技术领域
本发明涉及生物计算领域,尤其涉及一种基于Nicking酶的分子锁构造方法。
背景技术
近年来,DNA纳米技术取得了飞速的发展,尤其是DNA分子与核酶、限制性核酸内切酶、金属离子等材料的结合,使得DNA分子广泛的用于构建各种纳米设备。其中,Nicking酶作为一种限制性核酸内切酶,能够对DNA双链进行特异性识别,并对相应的位置进行切刻,从而促进或者抑制反应的进行。利用该特性,Nicking酶成为了构建DNA分子设备的有力工具。随着人们对于信息安全的关注度越来越高,如何在分子水平上实现信息保护已经成为当前的焦点。分子锁作为一种智能的分子传感器,对于分子水平上的信息的保护展现了巨大的潜力。

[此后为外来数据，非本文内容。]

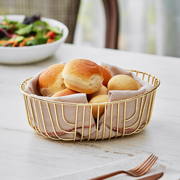 Its open-wire design is perfect for displaying artisan bread, rolls, or fruit, making it a versatile piece for formal dinners, brunch events, and upscale food presentations. Lightweight and easy to handle, this basket ensures seamless table service while enhancing your event’s aesthetic.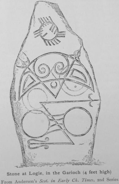 =Strichen= (1094) was formerly called Mormond, from the hill at the base of which the village stands. This hill owing to the comparatively level character of the surrounding country is a conspicuous feature in the landscape for miles. On the south-western side, the figure of a horse is cut out in the turf, the space being filled up with white stones. This “White Horse” occupies half an acre of ground and is visible at a great distance. On the south side of the hill an antlered stag on a larger scale is figured in the same manner. This was done so late as 1870. (pp. 11, 16, 38, 91, 158.)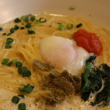 豆乳の明太子カルボナーラを食べました。カルボナーラなのにあっさりしていてスープも全部飲みたいぐらいでした。麺はかなりアルデンテで好みでした。スタッフの対応が良くなかったのが残念です。入店の際に挨拶はなく、明らかに来店したと分かっているのにこちらが声をかけるまで無視でした。美味しかっただけに残念です。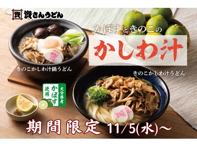【今年も復活!かしわ汁うどん】11/5(水)~「資さんうどん」に「きのこかしわ汁うどん」が期間限定で登場!秋の味覚「きのこ」や生絞り「かぼす」で味変も楽しい!進化系「かしわ汁うどん」をお楽しみ下さい。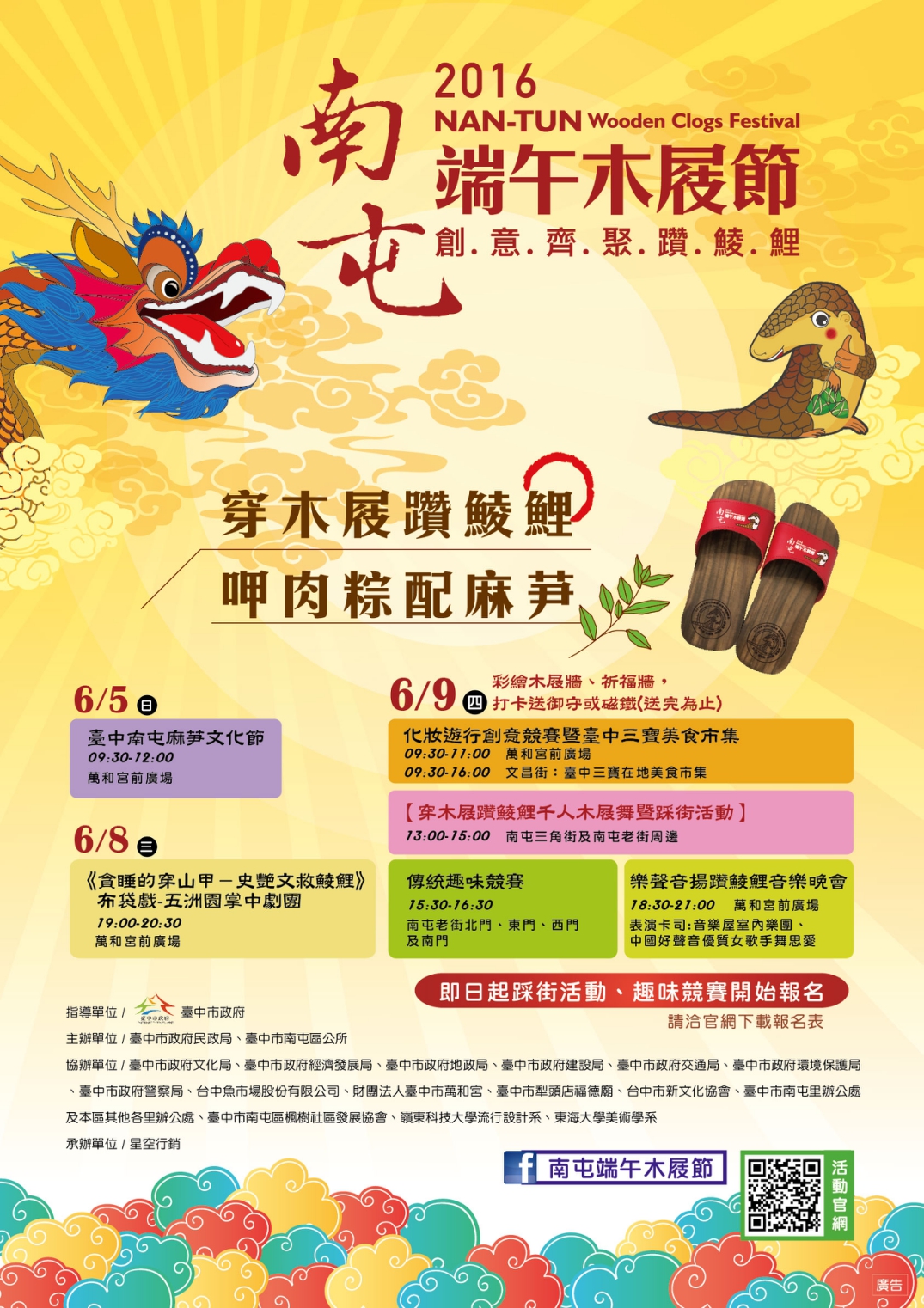 6月9日端午節當天上午10時,規劃麻芛湯與肉粽品嚐大會,下午1時則有千人跳木屐舞與踩街活動登場,邀請民眾共襄盛舉。活動詳情可至活動專頁(http://nantun2016.i-web.com.tw/ )或Facebook搜尋「南屯端午木屐節」查詢,或電洽南屯木屐節小組(04-23891458)。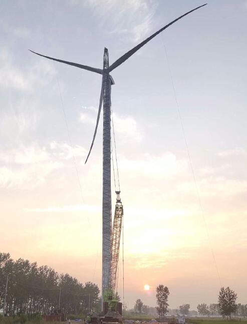 9月15日,中國能建安徽電建一公司承建的深能劉老莊50兆瓦風電項目首臺風機吊裝完成。

然而当前大多数的分子锁装置虽然实现了基本的分子锁功能,但是缺乏自身的保护机制。当侵入者非法闯入时,进行穷举式密码破解,在一定的时间内可以破解系统,获取保护的信息。从而使得分子锁的安全性大大降低。
发明内容
根据现有技术存在的问题,本发明公开了一种基于Nicking酶的分子锁构造方法,具体包括如下步骤:
根据Nicking酶的切刻特性原理通过DNA链置换技术构造逻辑计算模块;
设计Nicking酶识别域的位置、从而构成两个Nicking酶的抑制作用并构造抑制模块;
根据Nicking酶的切刻特性和抑制模块构造DNA分子锁。
进一步的,通过Nicking酶的切刻特性构建逻辑计算模块,将Nicking酶作为计算模块的输入从而实现逻辑计算模块的执行。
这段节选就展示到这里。